Project Overview

In this project, we create a database schema in Postgres and build an ETL pipeline using Python.

A startup collects songs and user activity on their music streaming app. The analytics team wants to know what songs users are listening to. The data resides in a directory of JSON logs on user activity, as well as a directory with JSON metadata on the songs in their app.

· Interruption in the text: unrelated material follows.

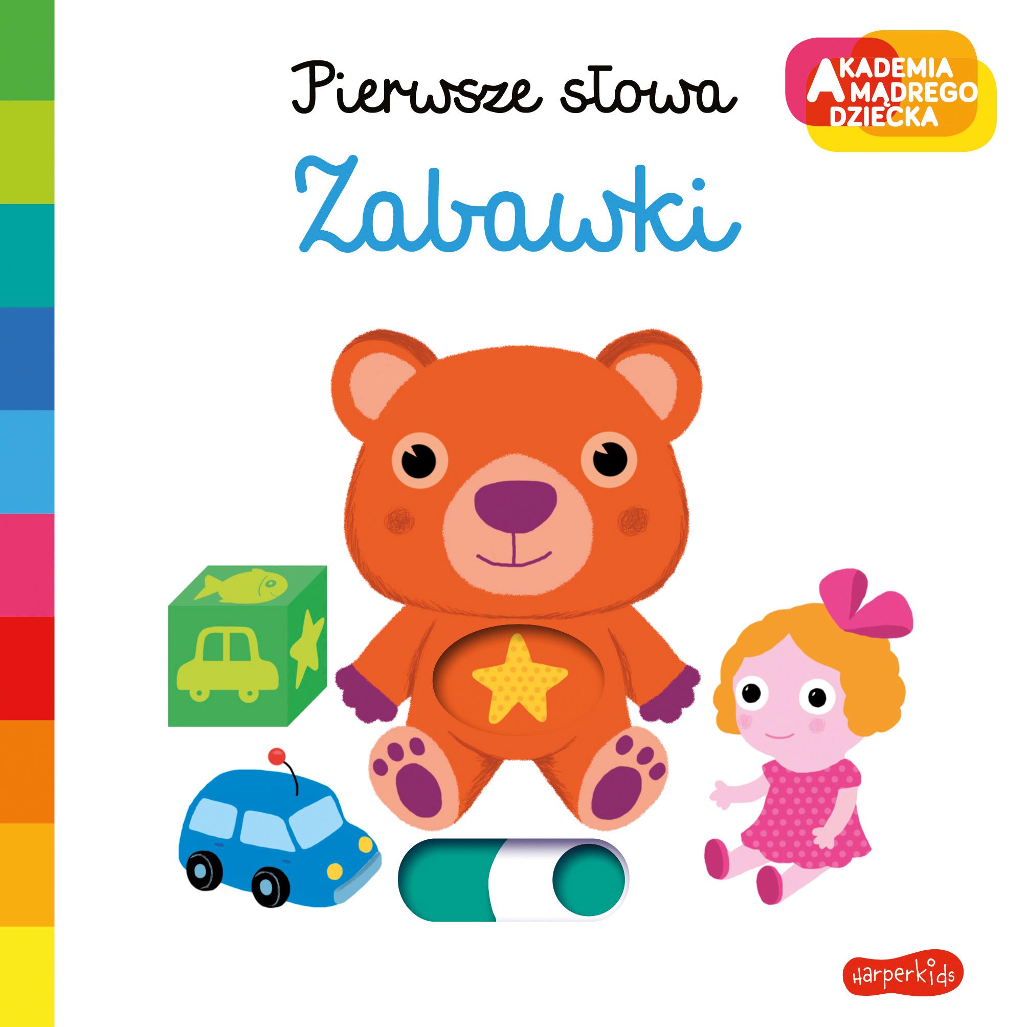 Seria dobrze znanych książeczek Moje pierwsze słowa po raz kolejny powiększyła się o nowe tytuły: Dzidziuś, Rodzina, Zmysły oraz Zabawki. Książeczka pod tytułem Zabawki przedstawia i nazywa popularne i znane rodzicom zabawki: klocki, lalki, ciastolinę czy bębenek. Dzięki kolorowym obrazkom, dziecko uczy się nazywać przedmioty z którymi ma styczność na co dzień. Kartonowe książeczki wykonane są z największą starannością, zaokrąglone strony sprawiają, że książeczka jest bezpieczna dla malucha, a ruchome elementy pozwalają ćwiczyć małą motorykę.Szczegółowe informacje na temat książki Zabawki Akademia mądrego dziecka Pierwsze słowa

The first dataset (in folder data) is a subset of real data from the Million Song Dataset.

Database Schema

Step 1: Setup the Environment

Set environments variables:

PGHOSTADDR with the IP address of the Postgres host, and PGPASSWORD with the password

Clone the repo:

https://github.com/mhaywardhill/Song-Play-Analysis.git

Setup the Python virtual environment:

      conda create -n sparkify python=3.6
      conda activate sparkify
      pip install -r requirements.txt

Step 2: Run the ETL

Create database sparkifdb and database schema:

python ./create_tables.py

Run the ETL:

python ./etl.py

Project Files

sql_queries.py: Contains SQL queries for dropping and creating the fact and dimension tables. Also, it contains the SQL queries to load the dimensions.

create_tables.py: Contains code for creating the sparkifydb database, and the database schema (the tables).

etl.py: Runs the Python ETL.

Manual_ETL.ipynb: Jupyter notebook to manually run the ETL step-by-step.